More of the night surfaced in scraps after that, never in order and never when she asked for it. Her own laugh. Streetlights passing overhead one by one. The sound of her boots on pavement. A moment of standing still near the start of the bridge, looking down the road toward the city and thinking the whole night felt suspended, like it had slipped loose from ordinary time. Then a voice. Not loud. Not threatening. Close enough that she had turned toward it without alarm. She could not hear the words, only the shape of the moment, the fact of somebody being there and her not immediately recoiling from it. Lexi opened her eyes and stared ahead, pulse ticking faster now for a reason that had nothing to do with exertion. She pulled at the ropes again, not with hope this time, but with anger, with the need to reject what her mind was circling. The bindings held. Her wrists burned. The tether at her ankles snapped taut and stopped her cold. She sagged back, breath shaking, and something in the memory sharpened all at once.
Hands.
Not grabbing, not fumbling, not improvising in a rush. Hands working carefully at the rope while the world tilted lazily around her. A loop passed around her wrists.
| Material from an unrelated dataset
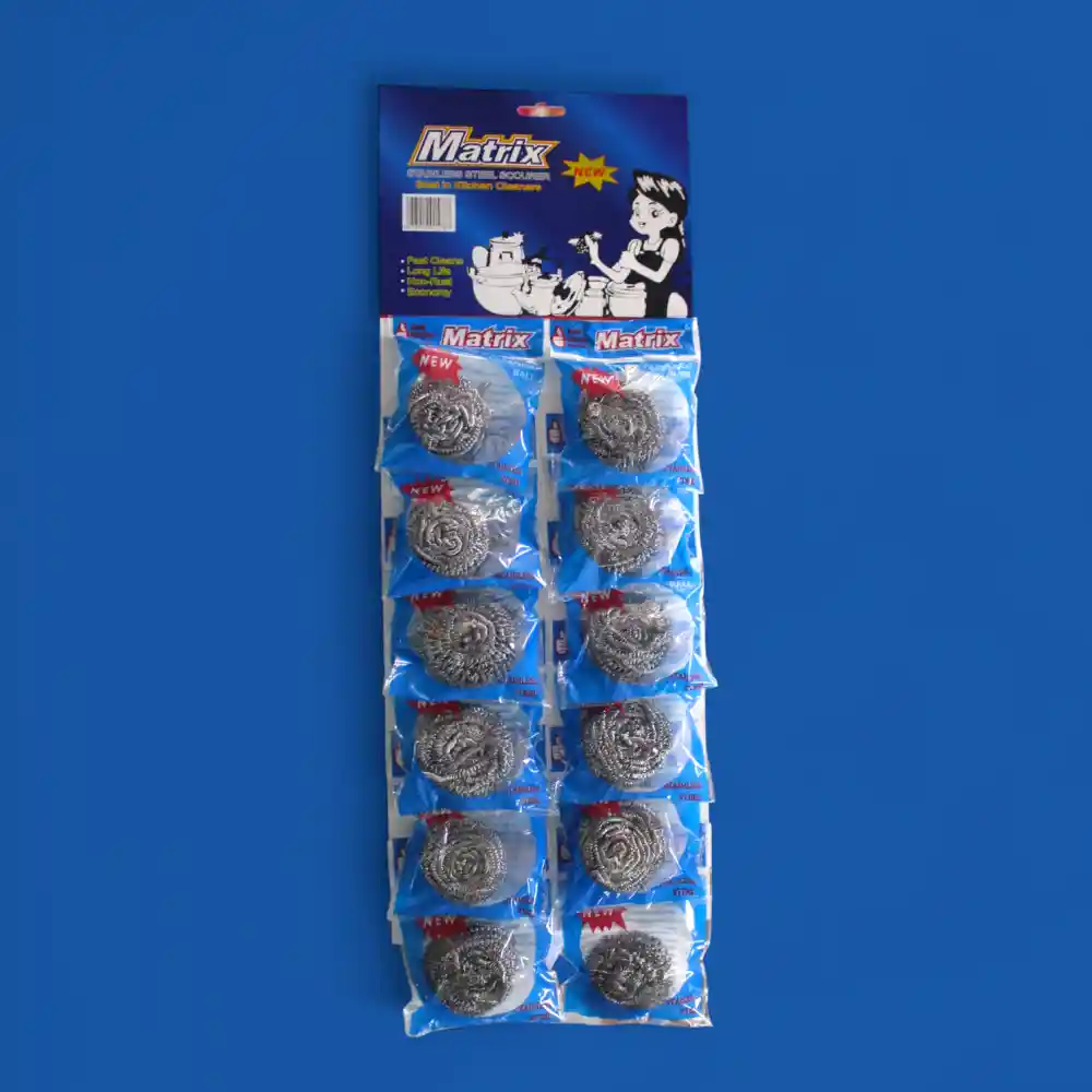 ¿Buscas una solución eficaz para la limpieza difícil en tu cocina y otras áreas del hogar? La Esponja Metálica Matrix X12 057168 es la herramienta ideal para remover la grasa más resistente, la suciedad incrustada y las manchas difíciles, devolviéndole el brillo a tus utensilios y superficies. Este paquete contiene 12 esponjas de acero inoxidable de alta calidad, ofreciendo una excelente relación calidad-precio y una larga duración.

A pull to tighten. Another pass around the beam. The measured pressure of somebody taking their time because they knew she was in no condition to stop them yet. Lexi went still against the steel, every muscle locked, the bridge noise fading beneath the sudden rush in her ears. She did remember. Not enough to see a face, not enough to name a voice, but enough to know this had not been random, not been sloppy, not been some drunken accident she had wandered into and somehow completed herself. Someone had tied her here deliberately, patiently, with practice. She stared through the dark lenses toward the empty road and felt the cold sink deeper than before, because the worst part was not that she was alone on the bridge. The worst part was understanding, finally, that she had not been alone when this began.